One conference paper hinted at it. But real evidence is scarce. The tech moves faster than the research. Pichler predicts we’ll know more in two years. Right now? It’s a hunch. But a dangerous one if you ignore it.

Don’t pay strangers for optimization

Websites pop up daily promising to “optimize your CV for AI.” They charge monthly fees. They sell keywords.

Pichler’s take is blunt.

There is almost zero evidence that these vendors know what they are doing. The models change every week. Their static guides are outdated before they print. He suggests using free LLMs instead. ChatGPT or Claude. Feed them your draft. Let them argue. Don’t pay a third party to guess.

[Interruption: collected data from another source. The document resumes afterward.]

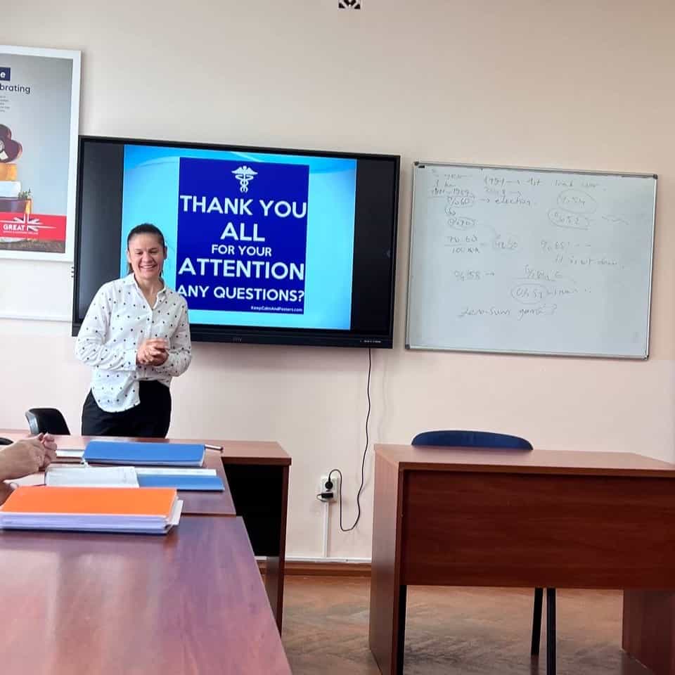 На итоговой конференции приняли участие: руководитель профессиональной стажировки, доктор, конференциар кафедры иностранных языков Сулак С.К.; доктор, конференциар кафедры иностранных языков Кирдякин А.А. и руководитель практики департамента менеджмента качества и учебного процесса Топал Л.Д.
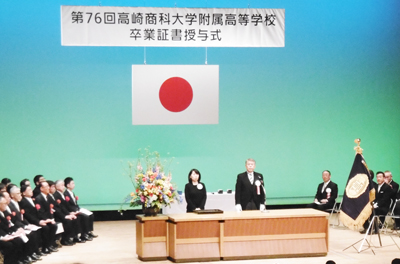 3月1日(土)に群馬音楽センターにて、第76回卒業証書授与式が執り行われました。欠席者がなく、卒業予定者全員がそろっての卒業式を迎えられ、感無量です。
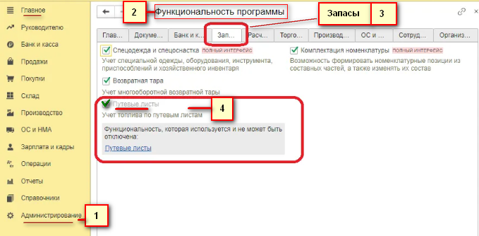 - выбрать сначала «Администрирование», далее – «Функциональность», затем – «Запасы»;
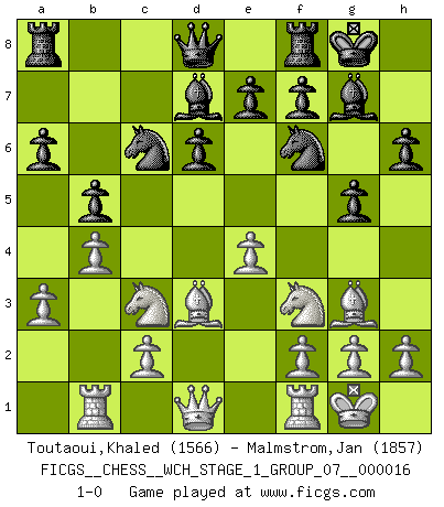 Last move : 1-0 2016 June 11 10:29:32 [Event "FICGS__CHESS__WCH_STAGE_1_GROUP_07__000016"] [Site "FICGS"] [Date "2016.03.02"] [Round "1"] [White "Toutaoui,Khaled"] [Black "Malmstrom,Jan"] [Result "1-0"] [WhiteElo "1566"] [BlackElo "1857"] 1.e4 c5 2.Nf3 d6 3.d4 cxd4 4.Nxd4 Nf6 5.Nc3 a6 6.Bd3 g6 7.Bg5 Bg7 8.Nf3 O-O 9.O-O Nc6 10.Rb1 Bd7 11.a3 h6 12.Bh4 b5 13.b4 g5 14.Bg3 1-0 This chess game has been lost on time (started : 2016.03.02 2:9:52) Sicilian : Najdorf Kingside Castling by player Black (move 8) Kingside Castling by player White (move 9) Player White won this chess game. Follow this game move after move (download)Chess is a foolish expedient for making idle people believe they are doing something very clever when they are only wasting their time. (George Bernard Shaw) Der Vorposten provoziert a) eine Basis für neue Angriffe und b) eine Schwächung der gegnerischen Widerstandskraft in der fraglichen Linie. (Aaron Nimzowitsch) Yo jugué Ajedrez con el y a veces le pude haber ganado solo que siempre devuelve su última jugada y juega la partida de manera diferente. (Mark Twain) Les réformistes prétendent que les progrès de la théorie conduiront à la disparition des échecs, et qu'il faut, pour leur rendre vie, en remanier les règles. En réalité, qu'exprime cette affirmation? Le mépris de l'intuition, de l'imagination et de tous les autres éléments qui font des échecs un art. (Alexander Alekhine) You lose, general Kenobi. (General Grievous in Star Wars ep.3)
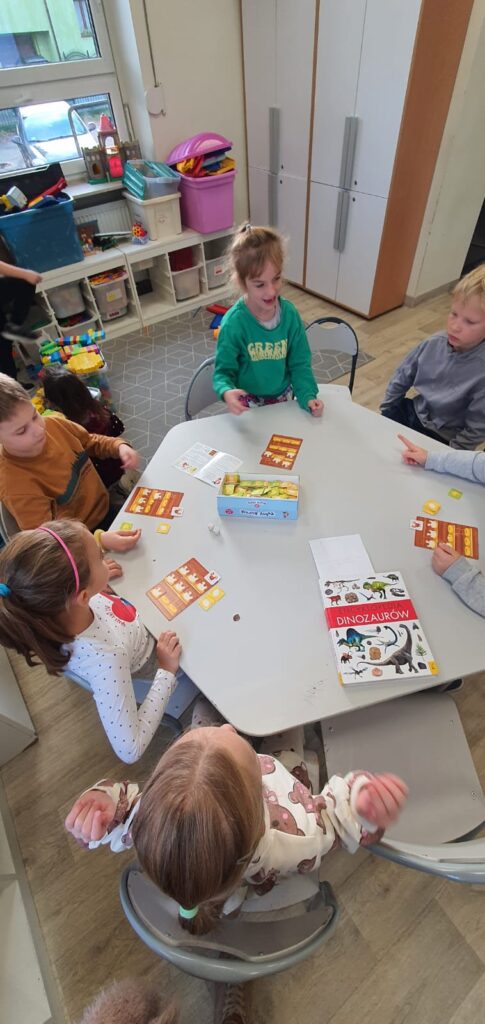 Gry planszowe – dzieci chętnie współpracowały, rozwijały swoje umiejętności społeczne i logiczne. Uczyły się także kulturalnego zachowania podczas zabawy.

It’s a waste of money. Mostly.

Tailor or starve

Want the bot to click “accept”?

Mirror the posting.

Steal the exact phrasing from the job description. Use the keywords. If the ad asks for “strategic planning,” don’t write “big picture thinking.” Use the words they programmed the system to catch.

Quantify. Numbers stick. “Managed a team of five” beats “led a group.”

And here’s the labor. You have to do it yourself first. Dump your achievements into an LLM alongside the job description. Ask it to merge them. But watch it closely. AI is lazy. It’ll hallucinate skills you don’t have if you let it run wild.

It’s not magic. It’s homework. Just with a slightly less judgmental editor.